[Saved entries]

++++++

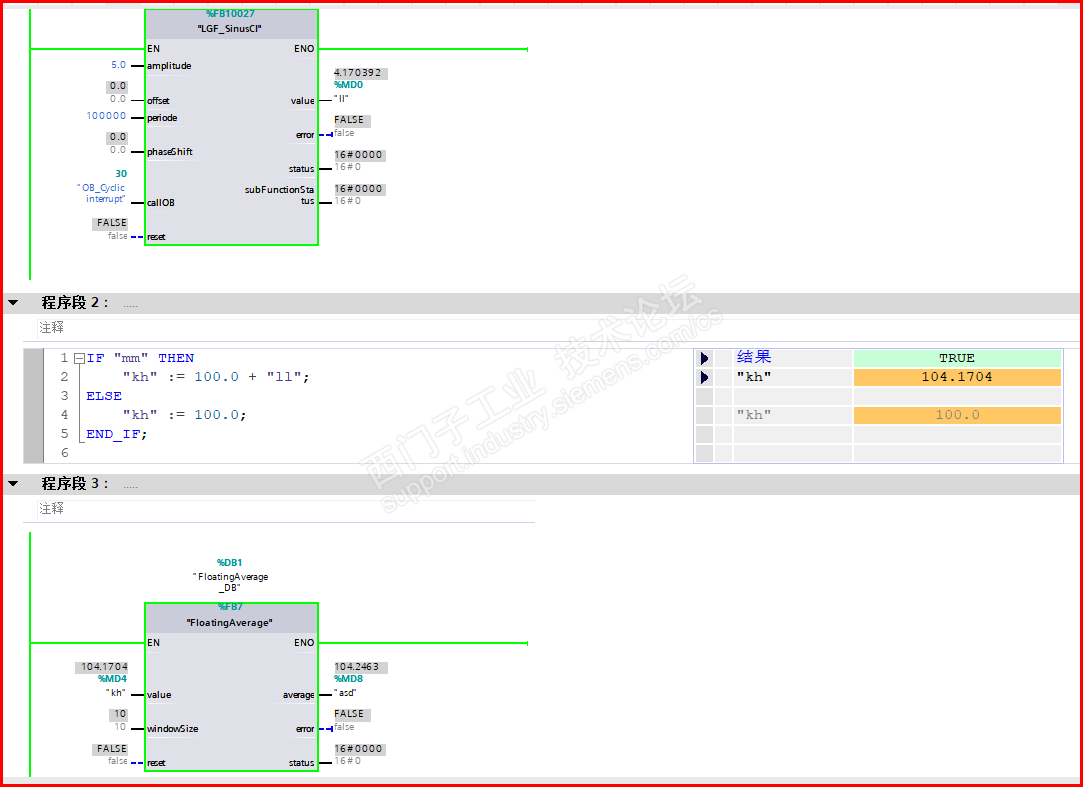 请问老师能放一下2.1.4平均值滤波算法之外的程序吗? 就是调用平均值滤波算法的程序,产生干扰信号的FB正弦波形程序中的OB的形参,就是循环中断里面调用的程序具体是什么,仿真时没达到预想的结果
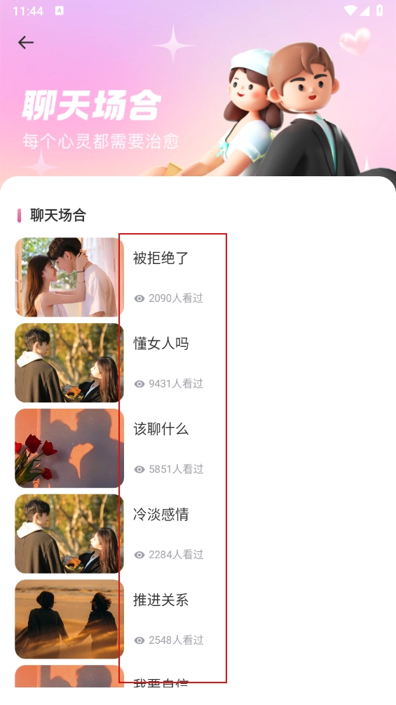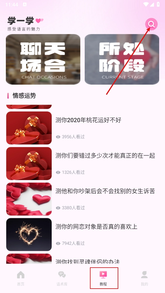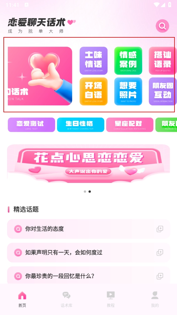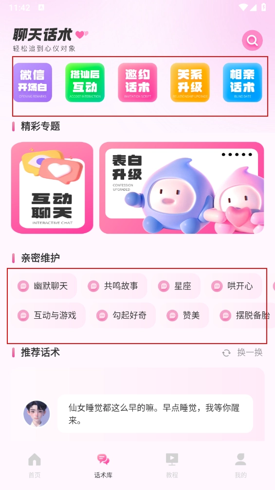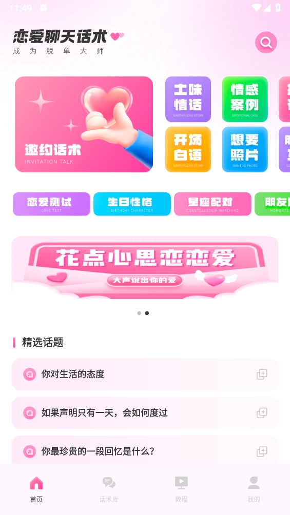 打开软件后,里面包含了多个恋爱技巧相关的板块,只需一键点击,就能直接进入对应的功能使用。
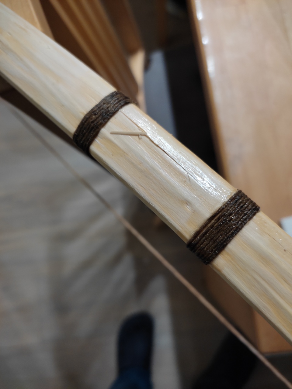 Der Riss oben kommt, weil ich den Bogen nicht passend mit der Faser ausgeschnitten habe, man sieht den Verlauf und den Riß:
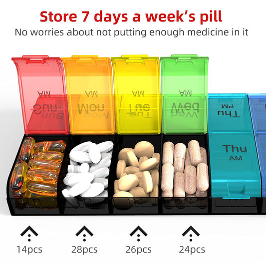 Extra Large Pill Organizer 2 Times a Day, Weekly XL AM PM Pill Case, 7 Day Pill Box Twice a Day, Oversized Daily Medicine Organizer for Vitamins, Big Pill Container, Medication Dispenser(Black&Rainbow)
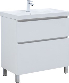 AQUANET Тумба с раковиной Вега 80 (Ирис) напольная 2 ящ. цв. белый глянец
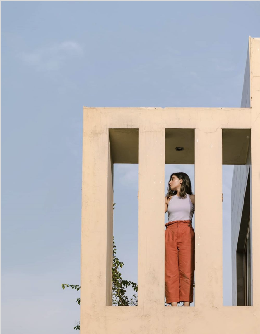 Stylist Mehek Saeed is photographed from the safe distance of her balcony by Areesh Zubair who came up with the idea of far-away portraiture to respect social distancing while documenting this moment in history. (Photo courtesy: Areesh Zubair Instagram)
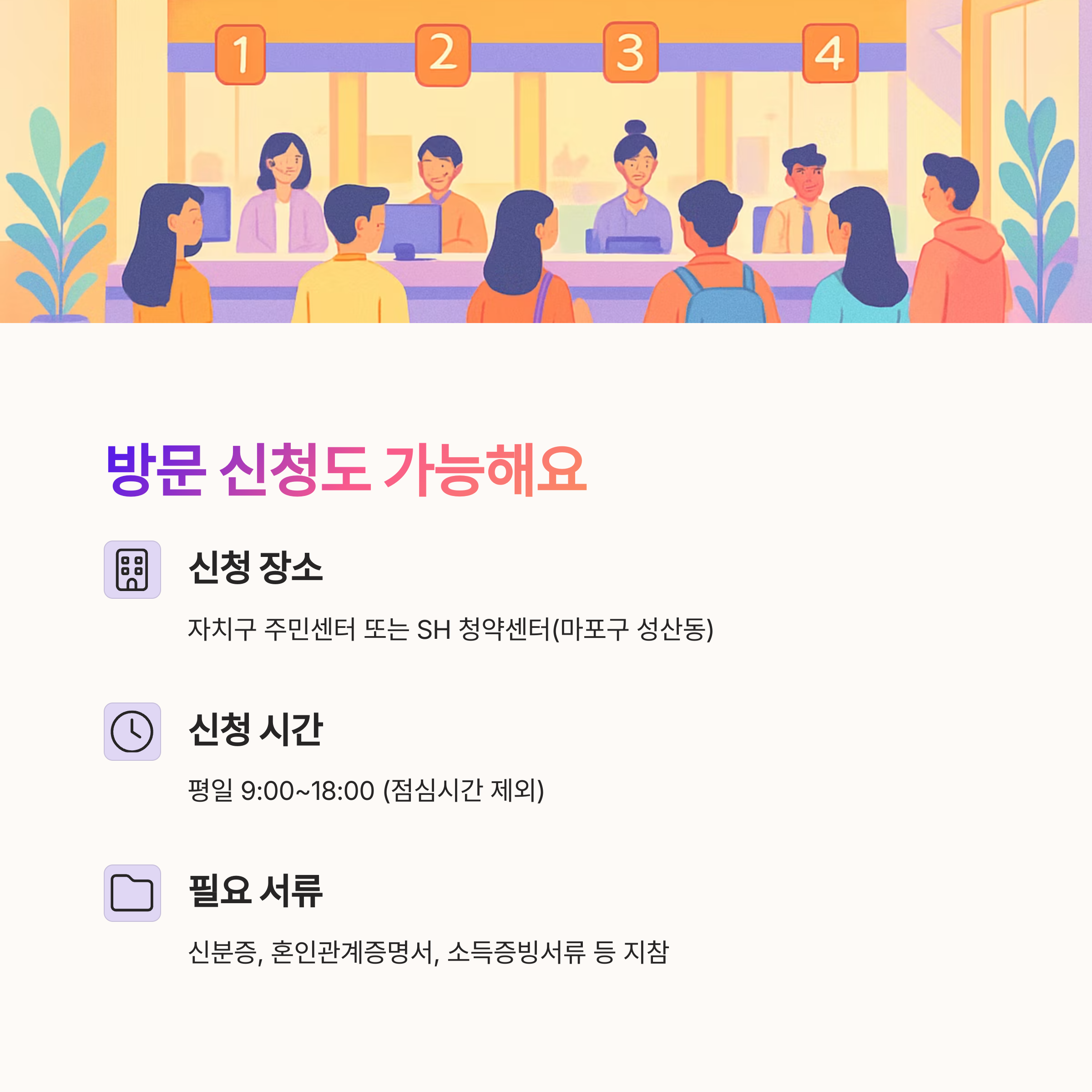- 자치구 주민센터 또는 SH 청약센터(마포구 성산동)
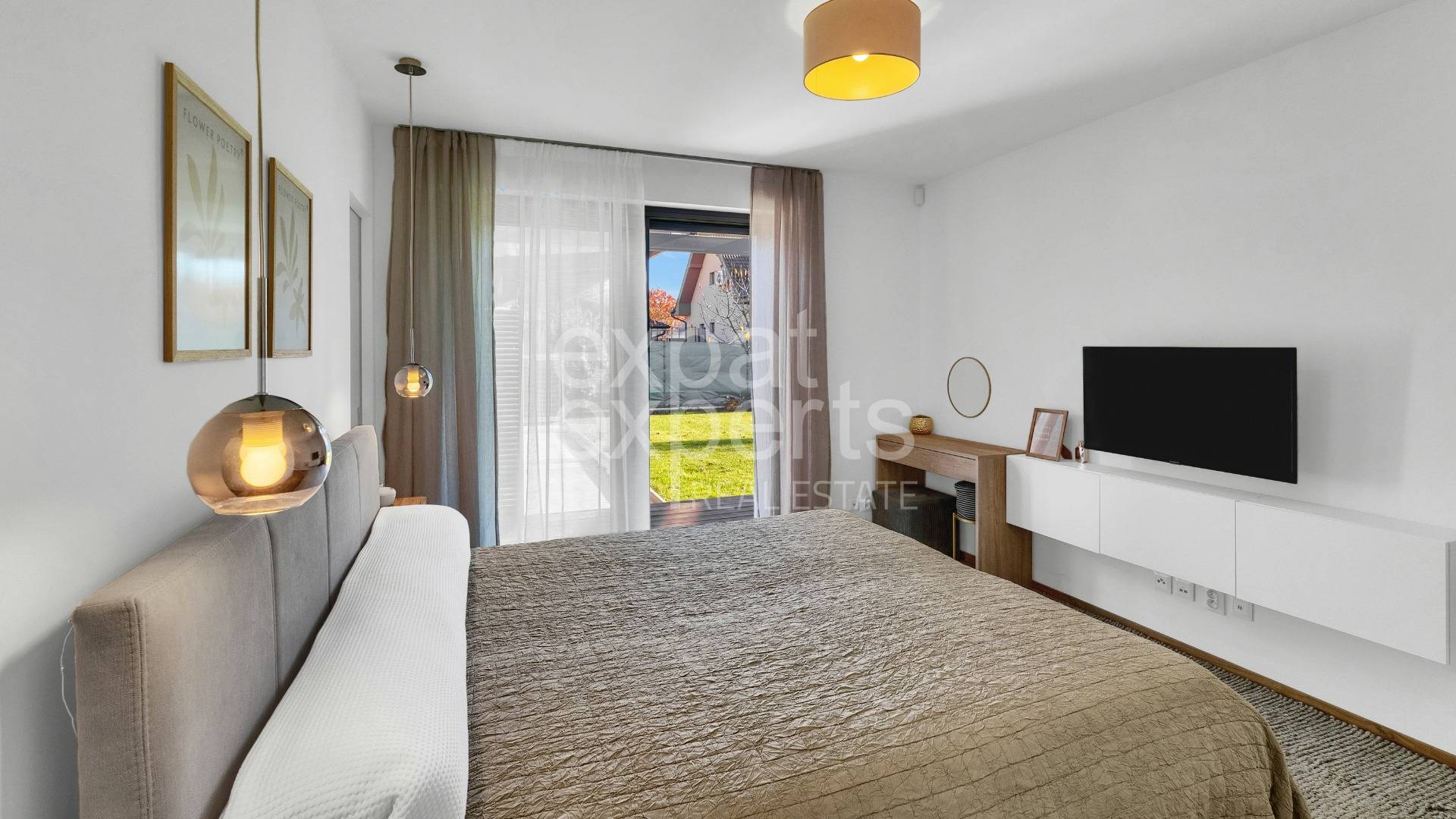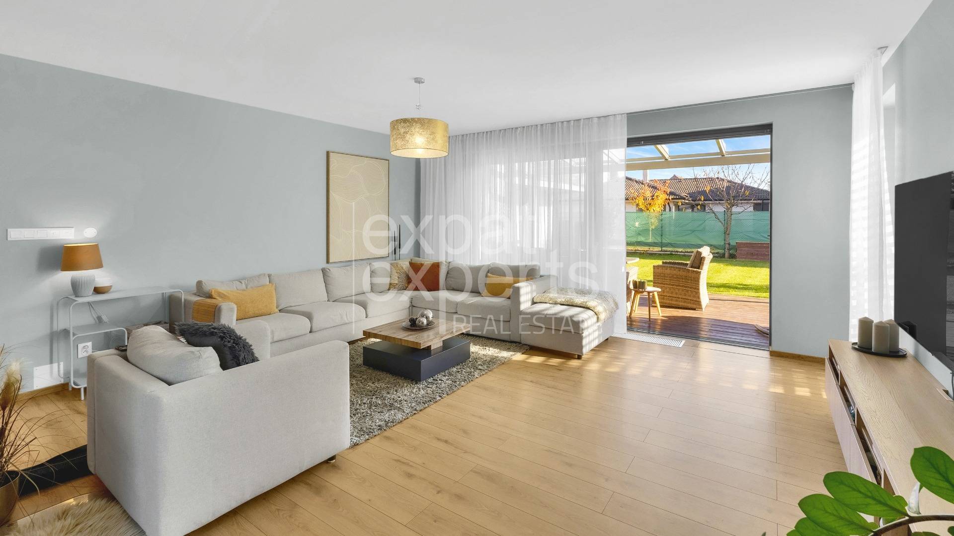 - priestranná miestnosť so širokými posuvnými terasovými dverami, s výhľadom do záhrady
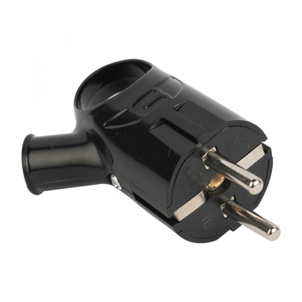 Вилка штепсельная угловая Vx4-B "Эра" (16 A, IP20) с заземлением, с кольцом, черный
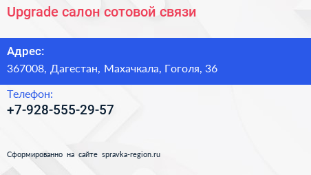 Upgrade, салон сотовой связи по адресу 367008, Дагестан, Махачкала, Гоголя, 36 в дальнейшем Организация, размещена в следующих категориях:
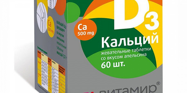 ОписаниеКальций Д3 ВИТАМИР® со вкусом апельсина содержит в своем составе кальций в виде карбоната, его состав содержит 40% элементарного кальция. Дополнительно в добавке есть витамин Д3 (Д3 — активная форма витамина Д), который способствует полноценному усвоению кальция, тормозит его вымывание из костной ткани, регулирует обмен фосфора, нормализует формирование костного скелета, зубов у детей, способствует сохранению структуры костей. Потребность беременных женщин и кормящих матерей в кальции и витамине Д3 повышена. Витамин Д3 образуется в коже под действием ультрафиолетовых лучей. Продуктов, в которых он содержится, не так уж много. К тому же процесс усвоения кальция достаточно сложен. Поэтому прием кальция и витамина Д3 в виде добавок поможет восполнить дефицит этих дружественных между собой элементов.Показания«Кальций D3 ВИТАМИР® со вкусом апельсина, или лимона, или мяты» — это БАД к пище, рекомендуемая в качестве дополнительного источника кальция, витамина D3.Противопоказанияиндивидуальная непереносимость компонентов.ПреимуществаДля производства «Кальцимидион» используется порошок кальция, полученный из створок раковин мидий, добытых в экологически чистой акватории Белого моря. Мидийный кальций обеспечивает максимально полное всасывание кальция в организме.Безопасен.Минимум побочных действий и противопоказаний.СоставАктивные компоненты:кальция карбонат - 1250мг (эквивалентно элементарному кальцию – 500 мг),витамин Д3 (холекальциферол эквивалентно -2,5 мкг (100 МЕ)),вспомогательные компоненты:сахароза,тальк (агент антислеживающий),кальция стеарат (агент антислеживающий),крахмал картофельный,ароматизатор натуральный апельсин.Способ применения и дозыдетям 3-7 лет по 1 таблетке в день во время еды; детям старше 7 лет по 1 таблетке 2 раза в день во время еды; взрослым по 1-2 таблетки 2 раза в день во время еды. Продолжительность приема – 1-2 месяца. При необходимости прием можно повторить.Условия храненияХранить в защищённом от света, недоступном для детей месте, при температуре от 2°С до 25°С и относительной влажности не более 75%.Срок годности 2 годаНе является лекарственным средством.
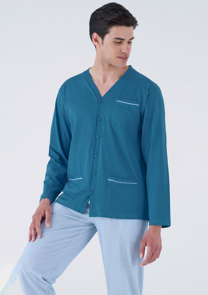 Il pigiama aperto con manica lunga per uomo della linea Karelpiù è un capo di abbigliamento ideale per le ore di riposo. Realizzato in cotone, un materiale naturale e confortevole che garantisce un comfort senza pari durante il riposo. Il design è semplice e funzionale, con una manica lunga che valorizza la silhouette del corpo. Il pigiama aperto è ideale per chi cerca qualità e comfort durante le ore di riposo.
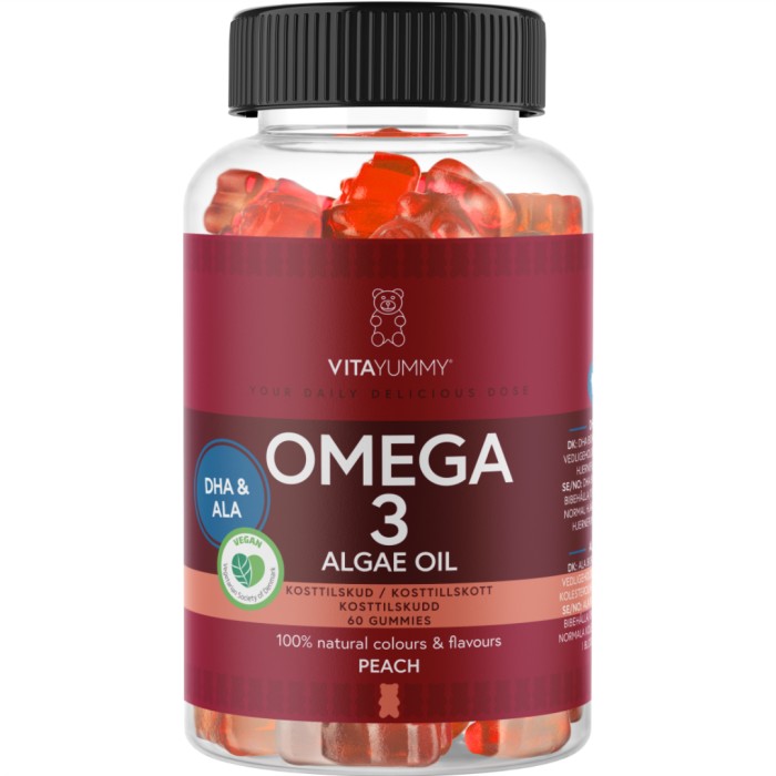 VitaYummy Omega-3 Peach är ett veganskt kosttillskott med omega-3 för vuxna och barn från 3 år. VitaYummy Omega-3 Peach innehåller både DHA och ALA och de aktiva substanserna kommer från alger och linfrö. DHA bidrar till att bibehålla normal hjärnfunktion och normal synförmåga*. ALA bidrar till att bibehålla normala kolesterolnivåer i blodet**. (*Den gynnsamma effekten uppnås vid ett dagligt intag av 250 mg DHA. **Den gynnsamma effekten uppnås vid ett dagligt intag av 2 g ALA.)
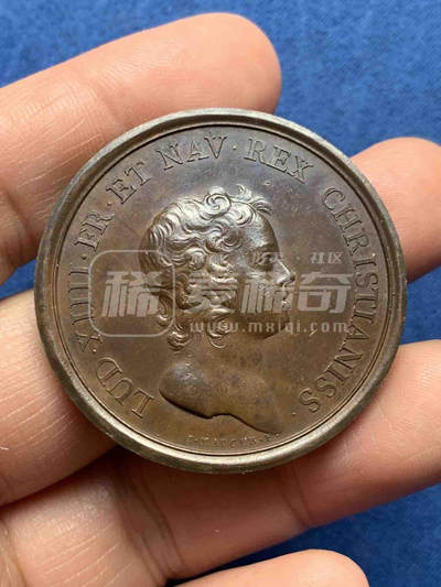 1646年法国路易十四时期铜章。正面为路易十四右侧胸像;背面为胜利女神,纪念法军攻占库尔特拉科等城。

++++++

▶ **Exercise prompt**: Your reply should restate the data above word for word and contain no pictures.

▶ **Exercise answer**:
 请问老师能放一下2.1.4平均值滤波算法之外的程序吗? 就是调用平均值滤波算法的程序,产生干扰信号的FB正弦波形程序中的OB的形参,就是循环中断里面调用的程序具体是什么,仿真时没达到预想的结果
 打开软件后,里面包含了多个恋爱技巧相关的板块,只需一键点击,就能直接进入对应的功能使用。
 Der Riss oben kommt, weil ich den Bogen nicht passend mit der Faser ausgeschnitten habe, man sieht den Verlauf und den Riß:
 Extra Large Pill Organizer 2 Times a Day, Weekly XL AM PM Pill Case, 7 Day Pill Box Twice a Day, Oversized Daily Medicine Organizer for Vitamins, Big Pill Container, Medication Dispenser(Black&Rainbow)
 AQUANET Тумба с раковиной Вега 80 (Ирис) напольная 2 ящ. цв. белый глянец
 Stylist Mehek Saeed is photographed from the safe distance of her balcony by Areesh Zubair who came up with the idea of far-away portraiture to respect social distancing while documenting this moment in history. (Photo courtesy: Areesh Zubair Instagram)
- 자치구 주민센터 또는 SH 청약센터(마포구 성산동)
 - priestranná miestnosť so širokými posuvnými terasovými dverami, s výhľadom do záhrady
 Вилка штепсельная угловая Vx4-B "Эра" (16 A, IP20) с заземлением, с кольцом, черный
 Upgrade, салон сотовой связи по адресу 367008, Дагестан, Махачкала, Гоголя, 36 в дальнейшем Организация, размещена в следующих категориях:
 ОписаниеКальций Д3 ВИТАМИР® со вкусом апельсина содержит в своем составе кальций в виде карбоната, его состав содержит 40% элементарного кальция. Дополнительно в добавке есть витамин Д3 (Д3 — активная форма витамина Д), который способствует полноценному усвоению кальция, тормозит его вымывание из костной ткани, регулирует обмен фосфора, нормализует формирование костного скелета, зубов у детей, способствует сохранению структуры костей. Потребность беременных женщин и кормящих матерей в кальции и витамине Д3 повышена. Витамин Д3 образуется в коже под действием ультрафиолетовых лучей. Продуктов, в которых он содержится, не так уж много. К тому же процесс усвоения кальция достаточно сложен. Поэтому прием кальция и витамина Д3 в виде добавок поможет восполнить дефицит этих дружественных между собой элементов.Показания«Кальций D3 ВИТАМИР® со вкусом апельсина, или лимона, или мяты» — это БАД к пище, рекомендуемая в качестве дополнительного источника кальция, витамина D3.Противопоказанияиндивидуальная непереносимость компонентов.ПреимуществаДля производства «Кальцимидион» используется порошок кальция, полученный из створок раковин мидий, добытых в экологически чистой акватории Белого моря. Мидийный кальций обеспечивает максимально полное всасывание кальция в организме.Безопасен.Минимум побочных действий и противопоказаний.СоставАктивные компоненты:кальция карбонат - 1250мг (эквивалентно элементарному кальцию – 500 мг),витамин Д3 (холекальциферол эквивалентно -2,5 мкг (100 МЕ)),вспомогательные компоненты:сахароза,тальк (агент антислеживающий),кальция стеарат (агент антислеживающий),крахмал картофельный,ароматизатор натуральный апельсин.Способ применения и дозыдетям 3-7 лет по 1 таблетке в день во время еды; детям старше 7 лет по 1 таблетке 2 раза в день во время еды; взрослым по 1-2 таблетки 2 раза в день во время еды. Продолжительность приема – 1-2 месяца. При необходимости прием можно повторить.Условия храненияХранить в защищённом от света, недоступном для детей месте, при температуре от 2°С до 25°С и относительной влажности не более 75%.Срок годности 2 годаНе является лекарственным средством.
 Il pigiama aperto con manica lunga per uomo della linea Karelpiù è un capo di abbigliamento ideale per le ore di riposo. Realizzato in cotone, un materiale naturale e confortevole che garantisce un comfort senza pari durante il riposo. Il design è semplice e funzionale, con una manica lunga che valorizza la silhouette del corpo. Il pigiama aperto è ideale per chi cerca qualità e comfort durante le ore di riposo.
 VitaYummy Omega-3 Peach är ett veganskt kosttillskott med omega-3 för vuxna och barn från 3 år. VitaYummy Omega-3 Peach innehåller både DHA och ALA och de aktiva substanserna kommer från alger och linfrö. DHA bidrar till att bibehålla normal hjärnfunktion och normal synförmåga*. ALA bidrar till att bibehålla normala kolesterolnivåer i blodet**. (*Den gynnsamma effekten uppnås vid ett dagligt intag av 250 mg DHA. **Den gynnsamma effekten uppnås vid ett dagligt intag av 2 g ALA.)
 1646年法国路易十四时期铜章。正面为路易十四右侧胸像;背面为胜利女神,纪念法军攻占库尔特拉科等城。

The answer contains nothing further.